**Exercise**
All lines from the one containing "卡通可愛塗鴉 愛心 手繪小動物" through the end of the material are to be given back exactly, without pictures.

**Collected material**
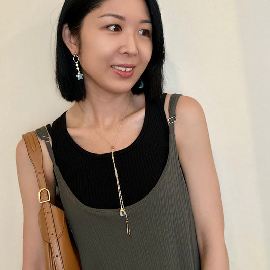 Moss Agate Geometric Y-shaped Long Gold-plated Necklace
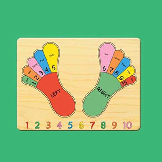 The wooden puzzle in this photo is specially designed to develop counting skills. The theme of feet and toes is visually appealing to young kids. Prepare a fun and educational preschool lesson in home with this wooden puzzle.
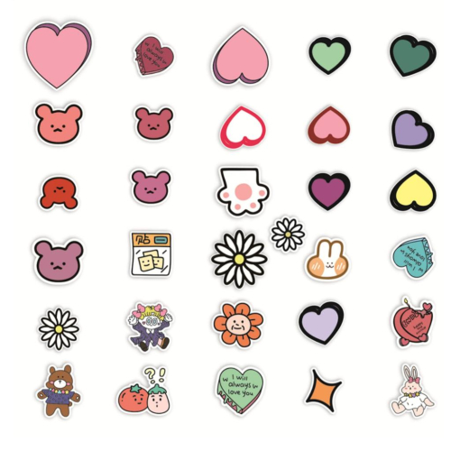 卡通可愛塗鴉 愛心 手繪小動物 兔兔 小熊頭 防水裝飾 31張 貼紙 筆電貼紙 行李箱貼紙 車貼貼紙 手機貼紙 水壺貼紙
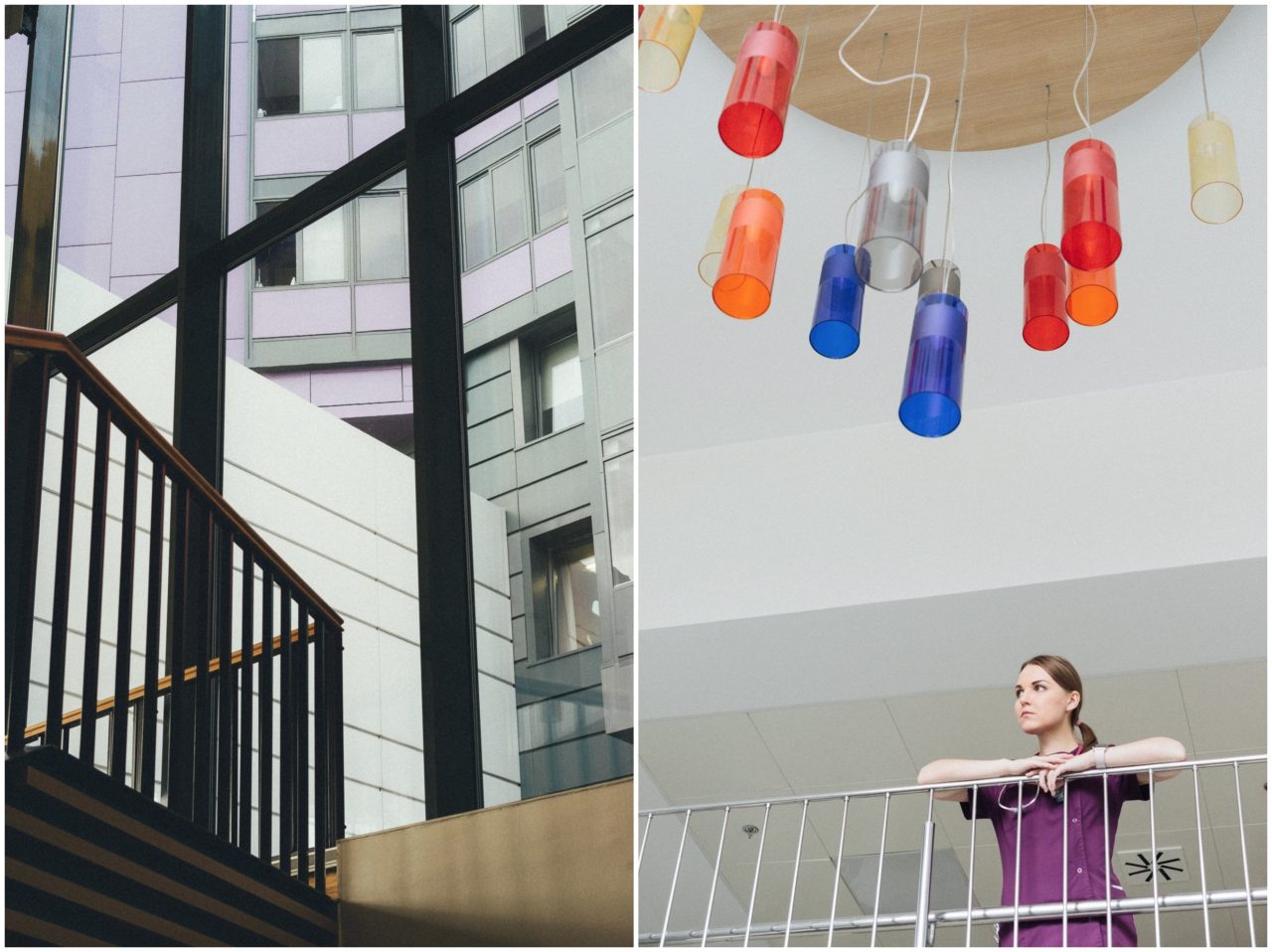 Вечером в больнице тихо и пусто, только мамы с колясками стоят у дверей внизу. Дети все в шапочках — не потому, что холодно, а потому, что после курсов химиотерапии волосы выпадают —и приходится прятать лысую голову.

**Exercise answer**
 卡通可愛塗鴉 愛心 手繪小動物 兔兔 小熊頭 防水裝飾 31張 貼紙 筆電貼紙 行李箱貼紙 車貼貼紙 手機貼紙 水壺貼紙
 Вечером в больнице тихо и пусто, только мамы с колясками стоят у дверей внизу. Дети все в шапочках — не потому, что холодно, а потому, что после курсов химиотерапии волосы выпадают —и приходится прятать лысую голову.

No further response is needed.